Federal houses are not merely charming survivors, they are, as authors
like Talbot Hamlin long ago pointed out, monuments of the first
truly American architectural style—one that was seen as continuing
the Classical tradition in an independent form embodying the then-prized
“republican virtue” and simplicity and free of the “aristocratic
pomp” associated with a Europe seen as despotic and corrupt.
They are thus participating witnesses to the formative period of
the United States. As Hamlin also points out, each important coastal
city had its own subtype of Federal house, and so the surviving
examples are also special witnesses to the history and originality
of New York. Yet they are no longer very common in
the areas of the city where once they flourished, they vanish week
by week, and they certainly aren’t making them any more.
Walking down MacDougal Street from
Washington Square has since early in the 20th Century been a favored
route for those wishing to penetrate to the “real Village’
represented by the bars, cafes, restaurants and theaters clustered
in the low-built streets to the south. Indeed, the erection by New
York University of a wall of tall buildings shadowing Washington
Square, cutting off the South Village from the streets to the north,
and threatening even further out-of-scale development nearby, seems
to have left it as almost the only viable way. Along and near this
street are many witnesses to the various pasts of Greenwich Village,
and the row of which the three houses before you are the center
is prominent as the very first. Probably this explains the early
calendaring in 1966—but not the failure to designate.
Although these three houses have
all been altered in various ways, they maintain the unity of the
original row and the shape and feel of typical Federal row houses:
two brick stories that are three bays wide above a low stone basement
behind a simple iron post-and-rail fence, and with a short flight
of steps with simple iron railings rising to a shallow stoop. The
shape of the recessed door surrounds is intact, as are the molded
cap lintels, together with the rare survival of all three door hoods
in the same form. The brick façades, of patched Flemish bond
visible through layers of peeling paint, are topped with relatively
plain molded cornices and pitched roofs with dormers.

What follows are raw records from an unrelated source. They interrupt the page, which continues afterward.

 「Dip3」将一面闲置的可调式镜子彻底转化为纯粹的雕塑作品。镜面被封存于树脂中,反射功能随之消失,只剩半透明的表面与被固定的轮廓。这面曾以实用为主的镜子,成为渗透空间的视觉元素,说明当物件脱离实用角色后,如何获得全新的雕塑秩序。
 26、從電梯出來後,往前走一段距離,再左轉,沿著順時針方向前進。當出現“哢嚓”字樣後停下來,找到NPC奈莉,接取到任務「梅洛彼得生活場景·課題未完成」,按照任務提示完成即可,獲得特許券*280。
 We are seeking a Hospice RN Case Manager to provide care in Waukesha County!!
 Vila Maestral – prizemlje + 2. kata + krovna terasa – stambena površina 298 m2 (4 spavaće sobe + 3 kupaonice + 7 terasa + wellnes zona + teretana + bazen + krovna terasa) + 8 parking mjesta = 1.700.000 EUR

The details are preserved in varying
degrees in each house: 129 has kept the pineapple-topped newel posts
on the stair railing and the delicate wooden Ionic columns on each
side of the door; 131 has a clearly altered version of the door
enframement and six-over-nine windows; at 127 the dividers between
the first-floor windows have survived the installation of shop windows.

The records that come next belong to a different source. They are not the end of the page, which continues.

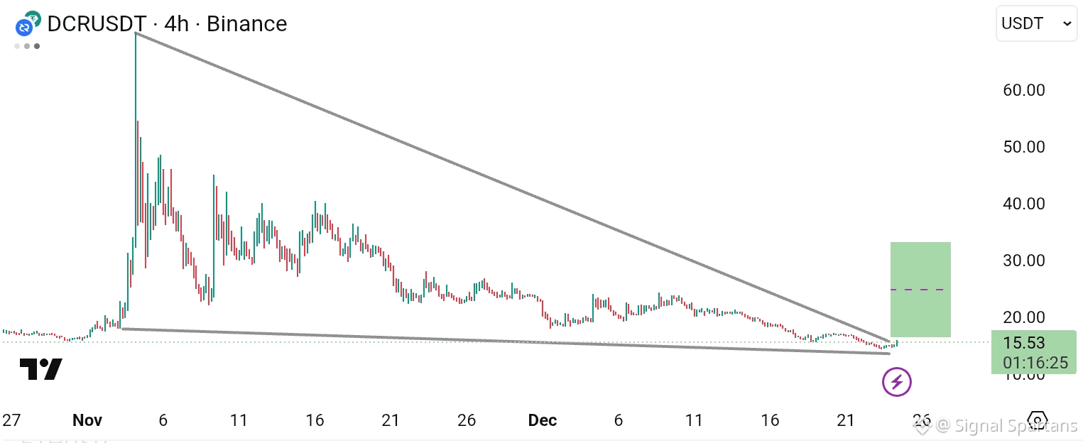 $DCR is grinding inside a long descending wedge 📉➡️📈, with price compressing right above the demand base — classic exhaustion structure after a heavy sell-off.
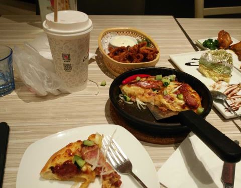 菜品可口,环境丶氛围大好,选择性大,午餐经常光顾必胜客,干净卫生整洁。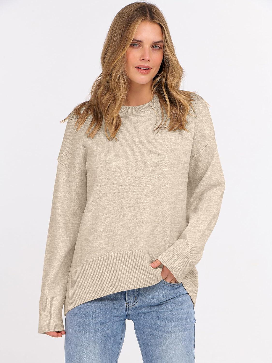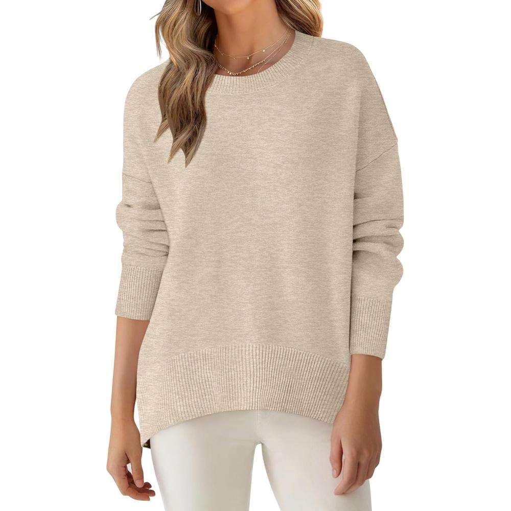 ANRABESS Sweaters for Women 2025 Fall Long Sleeve Casual Loose Fit Knitted High Low Hem Basic Pullover Sweater Tops(Light Beige)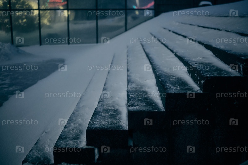 Ступени лестницы были покрыты снегом, зимой

One alteration is almost iconic of the Village: the similar studio
windows, created by throwing together the original two dormers on
each pitched roof, that herald the “artistic” character
traditionally associated with this area in particular and represent
an important aspect of its historic development. The strength of
this row is indeed in the whole.
In fact this row is bookended by
structures that set off and reinforce its character. To the south
number 125, although its different floor levels suggest it was never
properly part of the row, still shows an almost identical Federal
typology, with the same types of lintel and stoop, even though the
main floor has been utterly stripped and a mansard added above a
third floor identical to the second. Such a third floor is a frequent
type of addition if indeed it is not original to the structure.

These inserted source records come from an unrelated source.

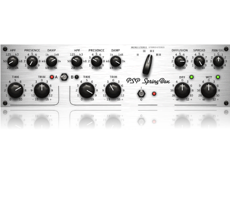 PSP SpringBox er en emulering af en hardware fjederreverb (VST, AAX og RTAS til Windows; AudioUnit, VST, AAX og RTAS til Mac OSX). Den genskaber flere funktioner, der er typiske for en fjederreverb, såsom en overbevisende “boing” på transienter og en gentagelig resonansmusikalitet med en justerbar tilstedeværelse. Der tilbydes et udvalg af konfigurationer fra to til seks fjedre i alt, samt muligheden for at indstille stereo-spredning og pan/balance, der er konfigureret til at passe til forskellige mix-opsætninger - fra en typisk guitarreverb til kreative anvendelser som en send reverb i mixet. Takket være PSP SpringBox’s to-kanals A og B indstillingsopsætning og række af presets er betjeningen hurtig og nem.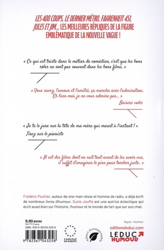 Les 400 Coups, Le Dernier Métro, Fahrenheit 451, Jules et Jim... Les meilleures répliques de la figure emblématique de la Nouvelle Vague ! "Ce qui est triste dans le métier de comédien, c'est que les bons rôles ne sont pas souvent dans les bons films". "Vous savez, l'amour et l'amitié, ça marche avec l'admiration . Eh bien moi, je ne vous admire pas... " Baisers volés "Je te le jure sur la tête de ma mère qui meurt à l'instant ! " Tirez sur le pianiste "Il est des films dont on sait tout avant de les avoir vus, il suffit d'imaginer le pire pour tomber juste ".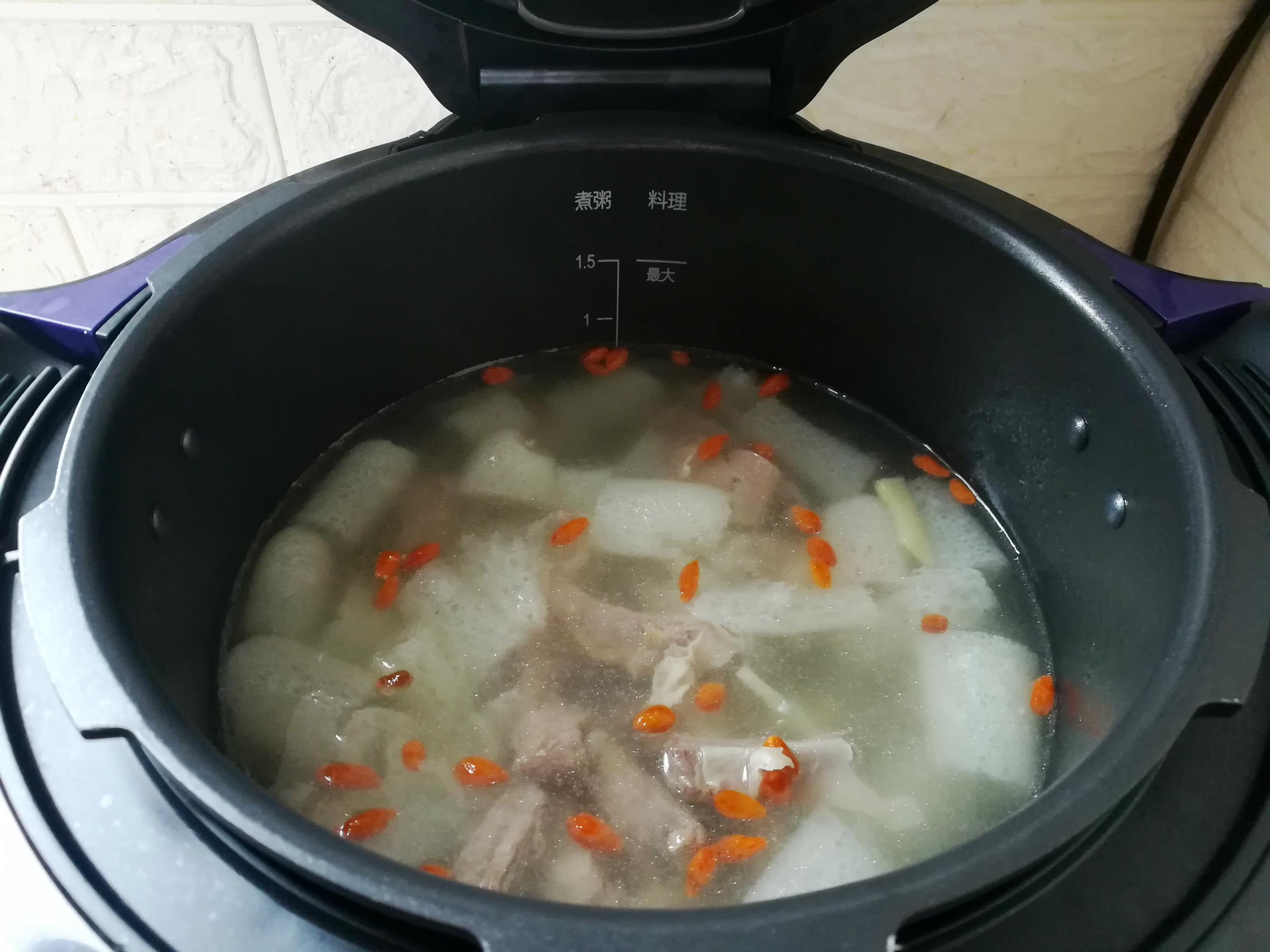 4,煲湯完成,加入切成段的竹蓀和枸杞煮5分鐘,加入適量的鹽調味,出鍋盛到碗裏,撒上香蔥。

To the north at 141 is the original Provincetown Theater famous
for its association with Eugene O’Neill and other playwrights
of the creative Twenties of the last century that inalterably sealed
the creative fame of the Village. To be sure, the theater is clad
in brick from a 1932 alteration that attempted to engulf it in a
new apartment house, but the marquee has survived to proclaim its
famous and continuing cultural identity. These two buildings, if
they were added to the designated row on some basis, would indeed
ensure preservation of a significant
We could continue to recommend sites
on MacDougal Street that embody aspects of Village history like
the vernacular brick double house nearby at numbers 130-132 dating
from 1852 with its fine, now-rare ironwork portico that brings out
a new aspect of the past, or else to list Federal houses that struggle
to survive in such areas as the East Village. Indeed, these areas
and structures are now in a race for time against two adversaries:
against the threat of major out-of-scale development from such bulldozing
sources as NYU in the South Village and against the defacing alterations
that typically accompany the first stages of ethnic or group succession
in an area where prosperity is bringing new populations unacquainted
with the history of the area and the potential value of its traditional
architecture. The Landmark Preservation Commission must continue
the work of designation in these areas. But we shall be happy for
now if this row of Village Federals is designated and we can regard
them as the earnest of more to come.